Chittorgarh is remembered for its legendary queen Karnavati, the grandmother of the great Maharana Pratap. There is a legend of Karnavati sending a Rakhi (the sacred thread that a girl ties on the wrist of her
brother during the hindu festival of Raksha bandhan) to moghul emperor Humayun when chittorgarh was under seige by Bahadur shah,
asking for help. Humayun abandoned an ongoing military campaign to ride to her rescue, thus her name became irrevocably linked to the festival of
Raksha Bandhan . .
. . . Humayun failed to reach there in time.
Before his arrival Bahadur Shah had entered Chittorgarh and ransacked it for the second time. Realising that defeat was imminent, Karnavati and
the other noble ladies of the court immolated themselves in a mass
suicide by fire, while all the men donned saffron clothes and went out
to fight to the death. Humayun did defeat Bahadur Shah and then reinstated Karnavati's son Vikramaditya Singh as
the ruler of Mewar ."
I will be remiss in these reminiscences if do not mention the great son of
Rajputana, Maharana Pratap (1540-1597) who dedicated his entire life fighting the greatest of the moghul emperor, Akbar. While he could not
recapture Chittorgarh , he recaptured vast areas of Rajputana. His last epic
battle against Akbar at Haldighati (june 1576) has been immortalised by the hindi poet Shyam Narain Pandey in his epic poem HALDIGHATI.

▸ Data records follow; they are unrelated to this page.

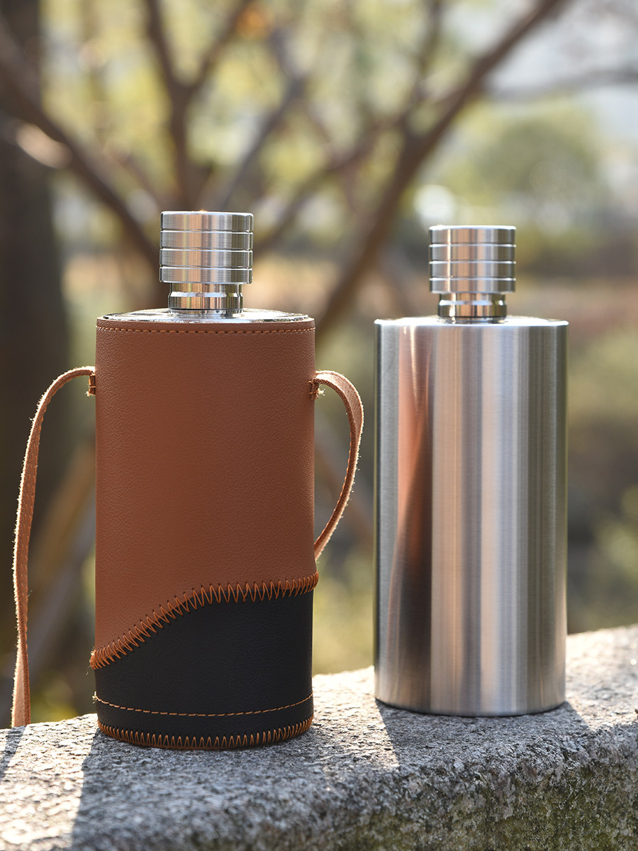 304 stainless steel small jug 1 catties Russian cylindrical white wine bottle outdoor portable empty bottle kettle thickened wine set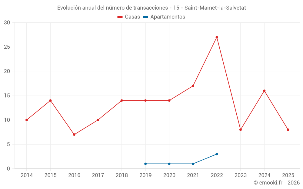 El precio mediano en las 17 transacciones de casas de los últimos 12 meses en la comuna de Saint-Mamet-la-Salvetat fue de 1 386 € por metro cuadrado para un valor patrimonial medio de 133 840 €. Durante este período el 60% de las transacciones estuvieron entre 1 085 y 1 937 € por metro cuadrado (del 2º al 8º decil).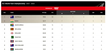भारत सध्या ५५.७७ टक्क्यांसहीत दुसऱ्या स्थानी आहे. भारताने १३ पैकी ७ सामने जिंकले आहेत. तर दोन सामने अनिर्णित राहिले आहेत. दक्षिण आफ्रिकेचा ऑस्ट्रेलियाकडून दारुण पराभव झाल्याने त्यांची क्रमवारीत मोठी घसरण झाली आहे. दक्षिण आफ्रिकेची टक्केवारी ५४.५५ इतकी आहे. श्रीलंकेची या गुणतालिकेमध्ये एका स्थानेने घसरण झाली असून ते सध्या चौथ्या स्थानावर आहेत. त्यांच्या विजयाची टक्केवारी ५३.३३ इतकी आहे.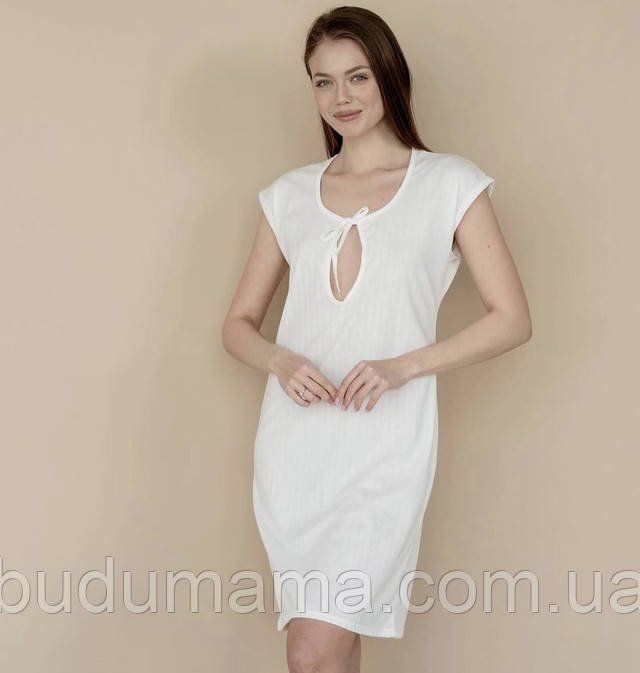 Сорочка з вирізом на грудях на зав'язках бавовняна сорочка на роді в родзал для вагітних для годування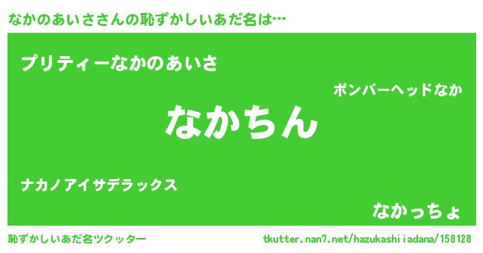 | ヘコむあだ名 | 『なかのあいさ(笑)』『なかにゅー』 |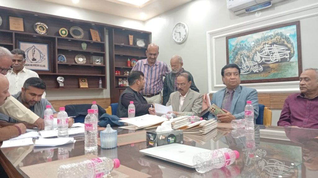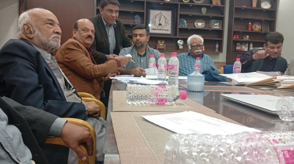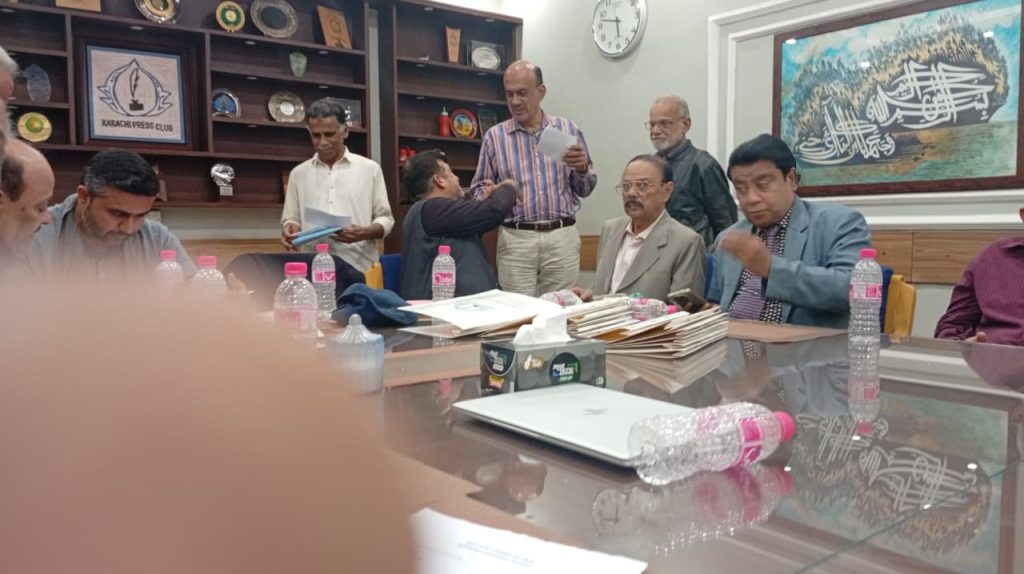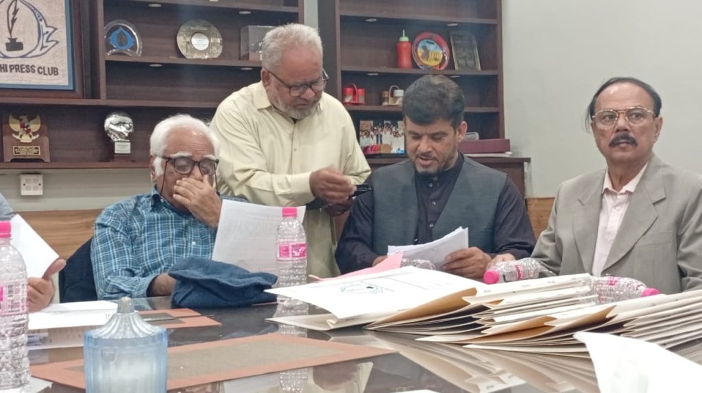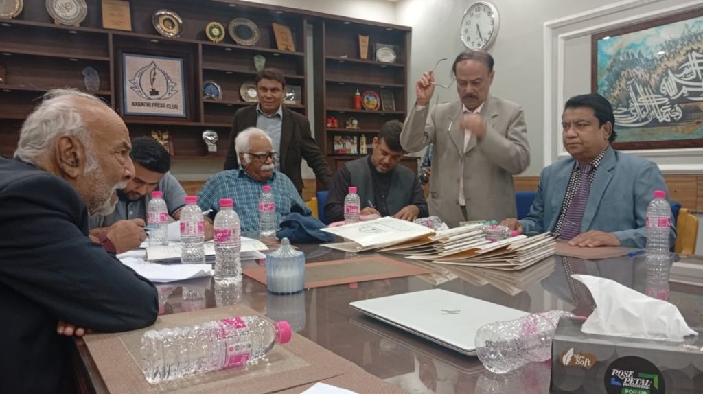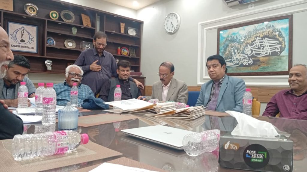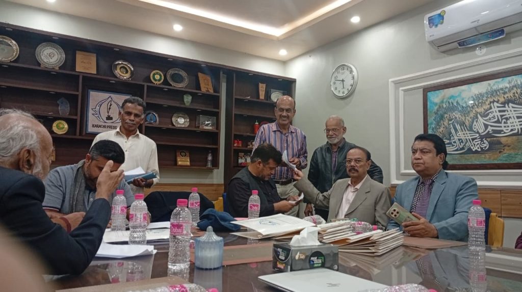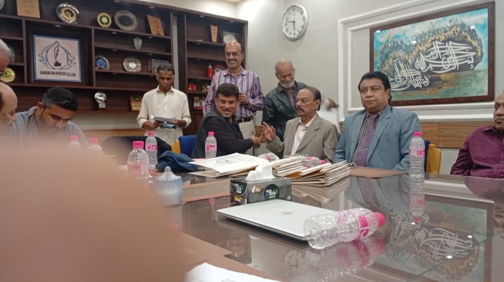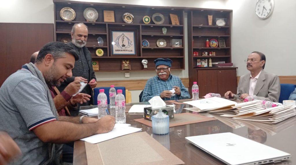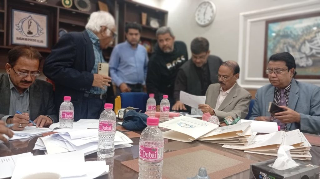 کراچی پریس کلب میں ہروز ہفتہ 27/دسمبر 2025ء کو 2026ء کے لیے انتخابات کی تیاری کے آخری مرحلے کے موقع پر آج بروز بدھ مورخہ: 23/دسمبر 2025ء کو کاغذات نامزدگی واپس لینے کی کارروائی کاوقت 4:00 بجے شام سے 7:00 بجے شام تک اپنے اختتام کو پہنچ چکا ہے، فہرست مرتب کی جارہی ہے، اِس موقع پر چیئرمین الیکشن کمیٹی کراچی پریس کلب ڈاکٹر توصیف احمد خان،ممبر الیکشن کمیٹی،حسن امام صدیقی، ڈاکٹر سعید عُثمانی، ڈاکٹر بَدَر سُومرو، ڈاکٹر سیف اللٌٰہ، سہیل سانگی، اطہر اقبال، ستار جاوید، فَاروق عَرشی، سلیم صدیقی، محترمہ رضیہ سلطانہ، محترمہ فروہ حسن، محترمہ فریحہ عاطف، محترمہ عالیہ سعید، عبد العزیز بلوچ، بلال ظفر، نورالھدیٰ، ریحان محمود خان، آصف احمد خان،احمد حسن اور خالد جمیل موجود ہیں۔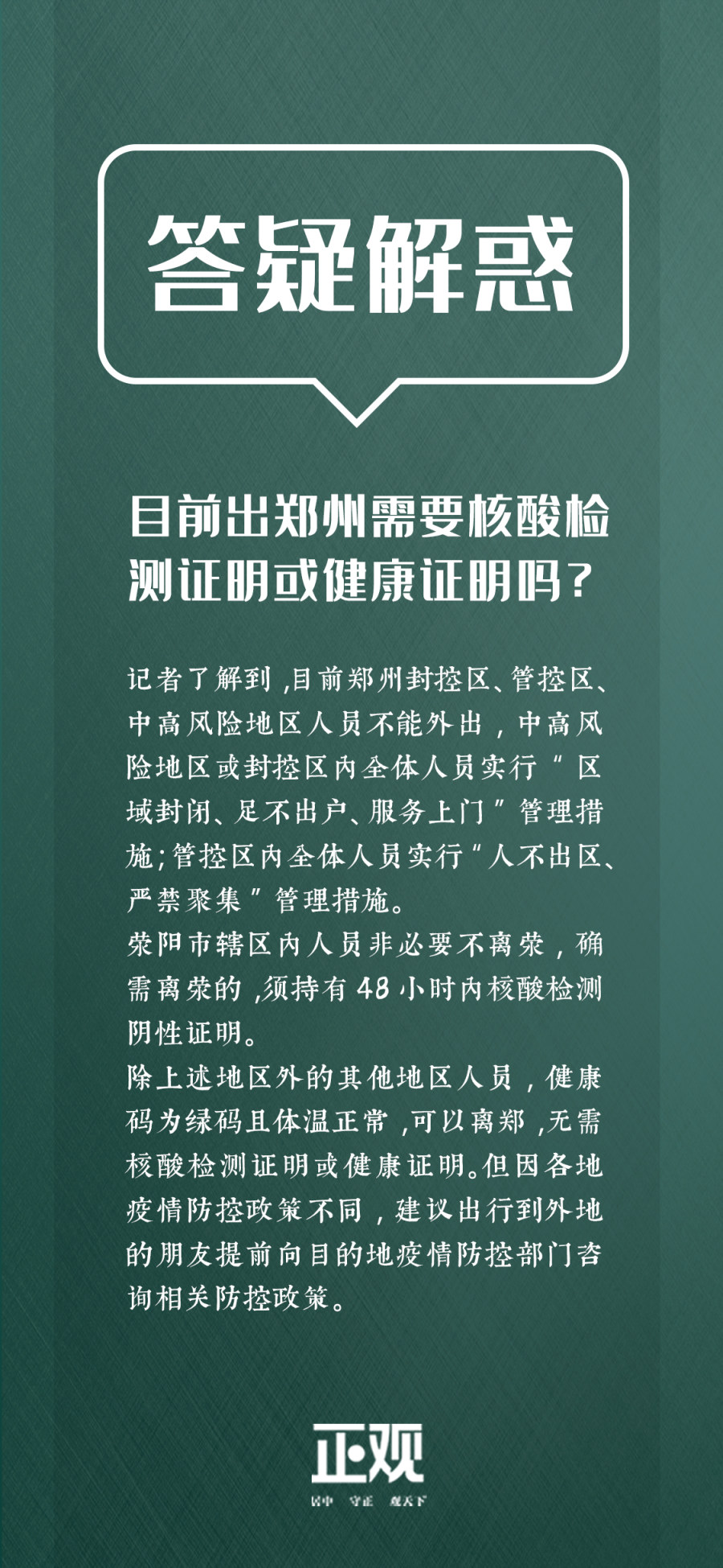 答疑解惑|目前,进出郑州需要哪些证明?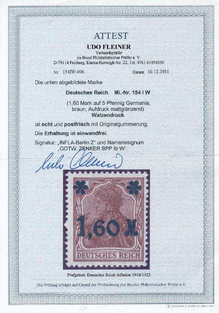 | Zusatzinformationen und Suchstichworte: | Veuskens Webshop Los 0001701734 Deutsches Reich, 1918/23 Inflationsausgaben 1,60 Mark auf 5 Pf. Germania 1921, Aufdruck mattglänzend, im Walzendruck, tadellos postfrisch, gepr. Infla-Berlin, Zenker und mit Farbfotoattest Fleiner BPP, Luxus. Selten. M€ 1.200,--++ Festpreis 239,90 EUR |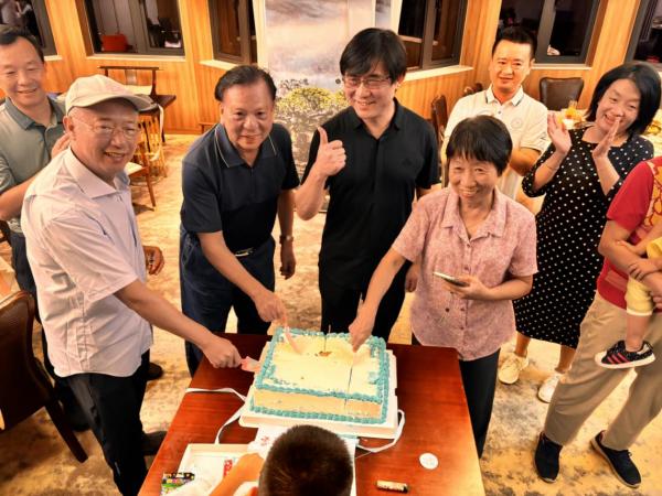 当晚,同学们邀请中科院院士、海洋与地球学院教授戴民汉,原海洋与环境学院院长袁东星和嘉庚学院环境科学与工程学院院长卢昌义等老师参加了“再回首•忆当年”聚会,分享了毕业二十年纪念蛋糕,向伟大祖国献上生日祝福!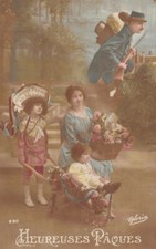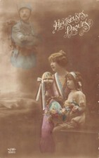 Old postcard Military Fantasy - Happy Easter - Mom and daughter thinking of their soldier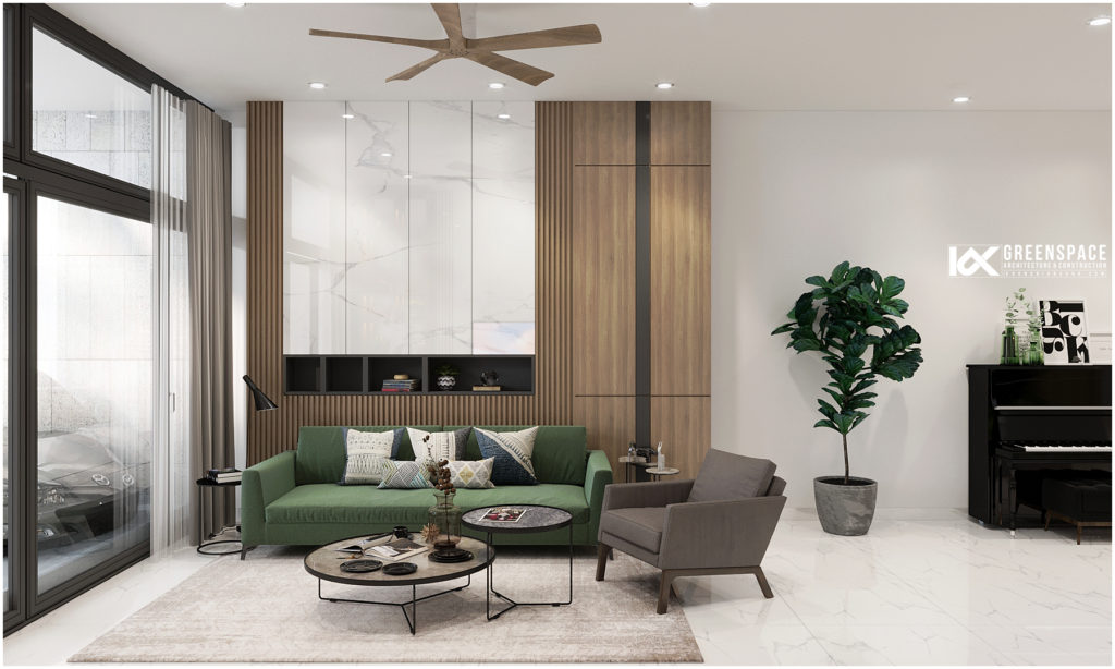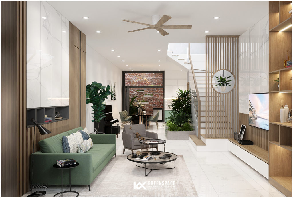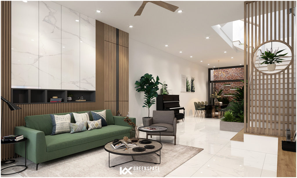 Với gam màu xanh lá mát mẻ dự án thiết kế nội thất nhà phố rộng 85m2 đã mang đến những không gian bình yên cho một gia đình nhỏ, là nơi nghỉ ngơi thư giãn sau một ngày dài học tập làm việc mệt mỏi, tận hưởng những cảm xúc hạnh phúc quây quần bên nhau… Dự án do Kiến trúc Không Gian Xanh Vũng Tàu thực hiện và đang trong quá trình trình duyệt phương án …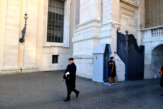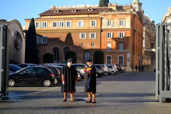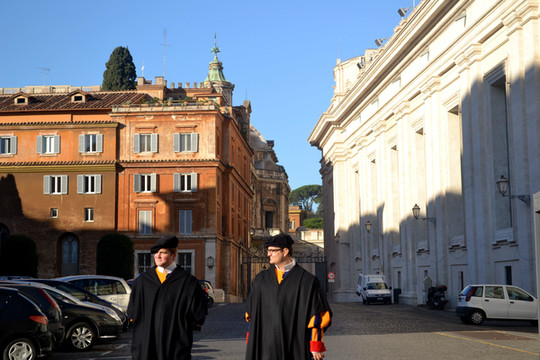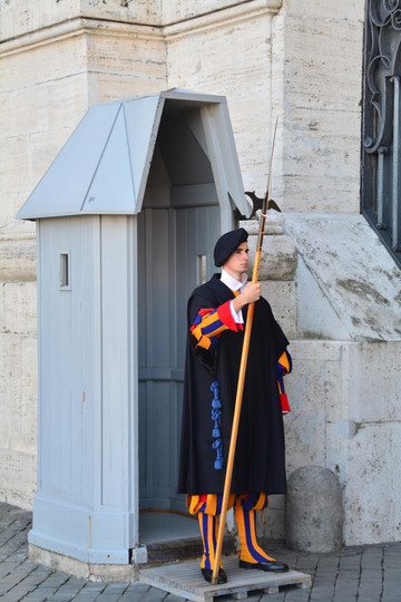 梵蒂冈瑞士卫队是梵蒂冈的国防力量,英俊潇洒的卫兵们每天身着橙蓝相间的制服,在圣彼得教堂旁站岗,也是一道亮丽的风景线。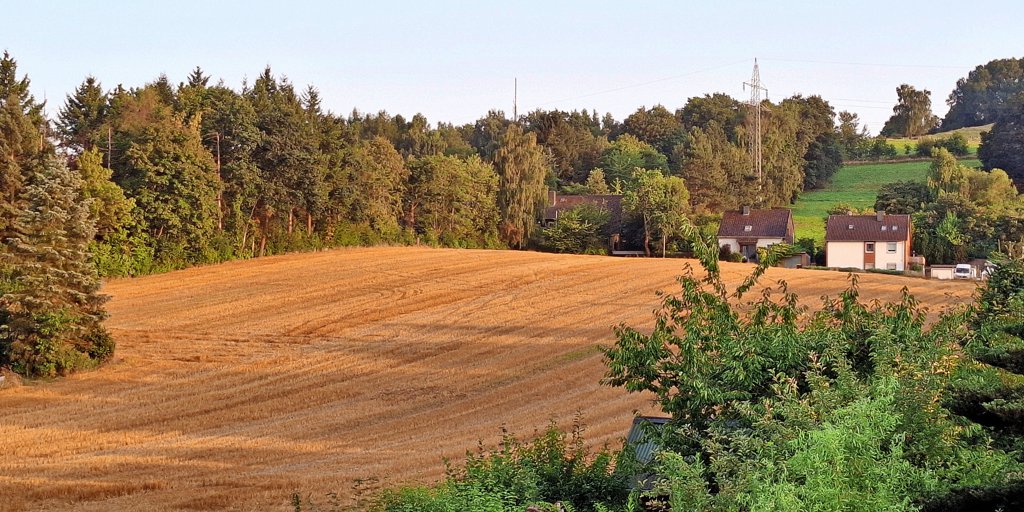 Die Sonne geht jetzt wieder jeden Tag ein paar Minuten früher unter. Gegen halb neun ist sie dieser Tage bereits hinterm Horizont verschwunden – trotzdem hat sie tagsüber noch viel Kraft. Aus ihrem Wohnungsfenster kann Charlotte Dörries aus Delligsen direkt auf eines der frisch gemähten Stoppelfelder schauen. Angestrahlt von der Abendsonne glänzt das Feld golden – und bildet einen besonderen Kontrast zu den saftig grünen Bäumen drumherum. Die Getreideernte ist nun so gut wie erledigt. Die Körner wurden bereits gereinigt und lagern jetzt zum Trocknen. Anschließend werden sie weiter zu Nahrungsmitteln verarbeitet – oder als Tierfutter genutzt. Nur noch Zuckerrüben und Mais stehen auf den Feldern im Leinebergland. Aber auch die werden nicht mehr lange zu sehen sein, denn ab September geht auch hier die Ernte los. Einzig die meterlangen Rübenberge zeugen dann noch von den Ernteerträgen dieses Jahres. Foto: Charlotte Dörries

The journey back into TIME being over now , our bus left the fort on its
long journey back to Delhi. As the bus travelled downwards I had the strange feeling of stepping out of the pages of
history into the material world of the day. Somewhere inside me was the feeling that a long time back, in another life, I belonged to this place,
Chittorgarh, which will always be remembered for the valour of the
Rajputs men and women.
Legends never die. As Tennyson puts it, "men may come and men may
go but I shall go on for ever".
Chittorgarh will always be there . . .
far into the future , in timelessness !!